College Counseling For Connecticut Parents: A Perspective Related to Mental Health

By College Counseling

Of all my identities, father of three (and husband) are the most important ones.  Like most parents, I feel more stressed in relation to my children’s well being than my own.  Despite my decades providing college counseling, I, too, felt stress (and feel stress with my youngest) in relation to the college process.

The college process is horribly stressful to most parents and most students, particularly in affluent communities like the Connecticut suburbs. Taking the SATs/ACTs, writing college essays and applications, worrying about rejections and… the big elephant in the room…your baby is moving away. Terrible stuff.

Nonetheless, if this is your family’s biggest challenge, then consider yourself beyond lucky.

I read enough history and anthropology to bore anyone.  But it does help provide perspective.

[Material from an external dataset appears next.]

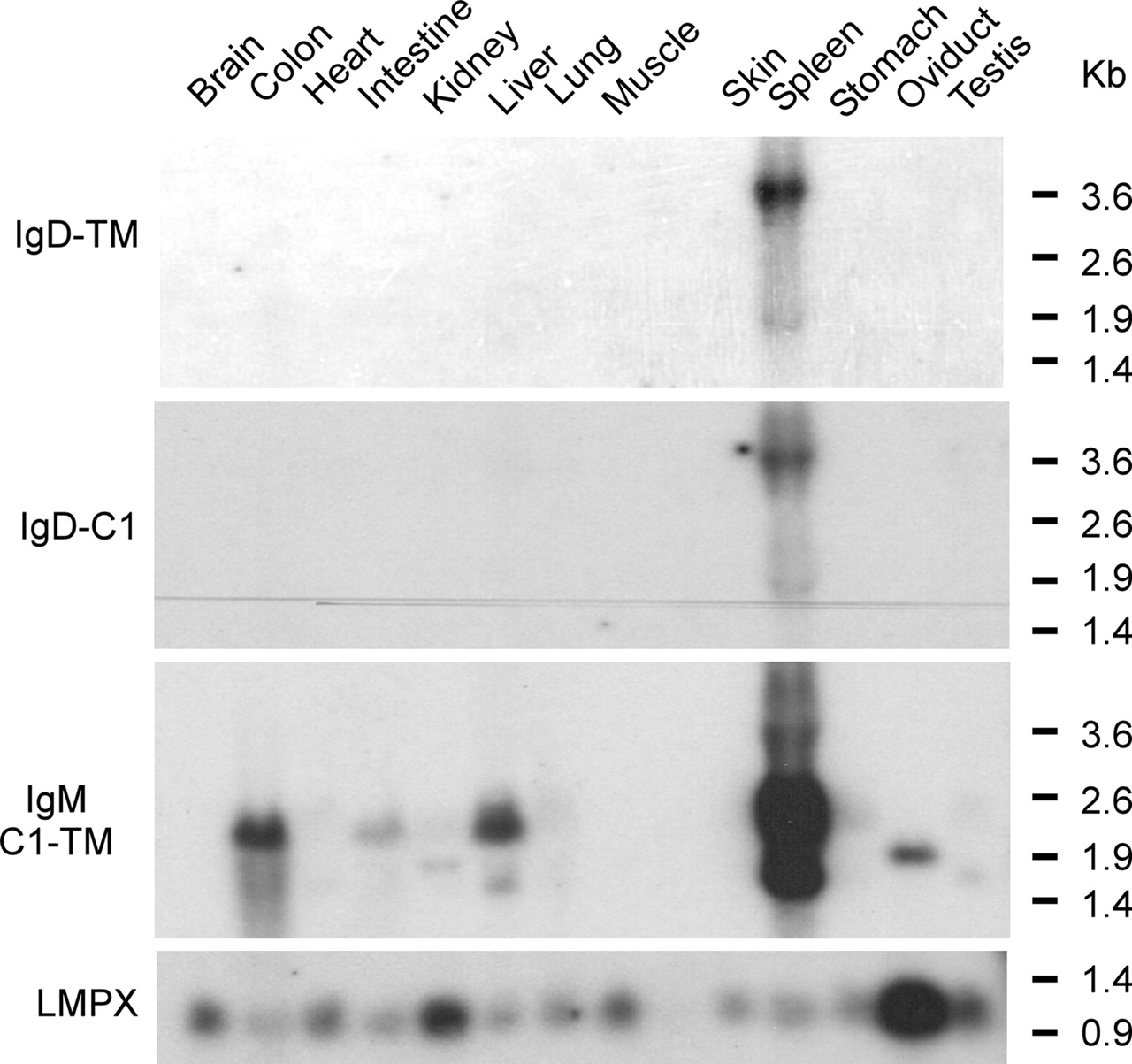 Fig. 4. Xenopus IgD is expressed predominantly in the spleen. Twenty micrograms of total RNA from various tissues of an X. tropicalis frog was loaded on the gel, and the Northern blot was hybridized with X. tropicalis δC1 and TM probes separately. An X. tropicalis μ C1-TM probe was also used to compare the level of expression and tissue distribution. Two bands detected with the μ probe account for the different 3â²-UTR lengths between secretory and TM forms or unknown splice variants specific to this species. Ubiquitously expressed LMPX was used as the loading control. Although the loading amounts are not equal on this blot, IgD is found only in the spleen, despite the fact that less spleen RNA was loaded. RNA size markers are shown on the right.

Things Have Turned Out Well

Congratulations and good fortune are in order.  Your child did well enough in school, was sufficiently motivated, has good character and so forth to be college bound. There are countless families that we’ve counseled in the last few years who are wondering if it makes sense to send their child to college because of poor grades, work habits, and character. And, yes, if we look around the world and throughout history, we are lucky if the biggest problem we face for our children is getting through the college process.

College Is Great

Ok… college has not been great during Covid.   This is a big problem for many reasons.  But the largest might be that it doesn’t feel that you’ll be sending them to something great.  But let’s hope the pandemic will be behind us in the fall of 2022.

If that’s the case, you are sending your child to the young adult version of Disney World. Would you go back to college? Of course! Tremendous freedom. Limited real world responsibility. Great opportunities to learn, meet new people, have new experiences, all in a reasonably controlled environment (at least compared to moving to New York or Boston at 18).

Perspective

Considering all that affects  most families throughout the world, and all that did affect families in the past, we parents of college bound students are really lucky. Any family that has gone through a real challenge like a death in the family or a bitter divorce or extended financial problems knows real problems from contrived ones.

The college process is a problem of abundance. You are very lucky to have such a problem.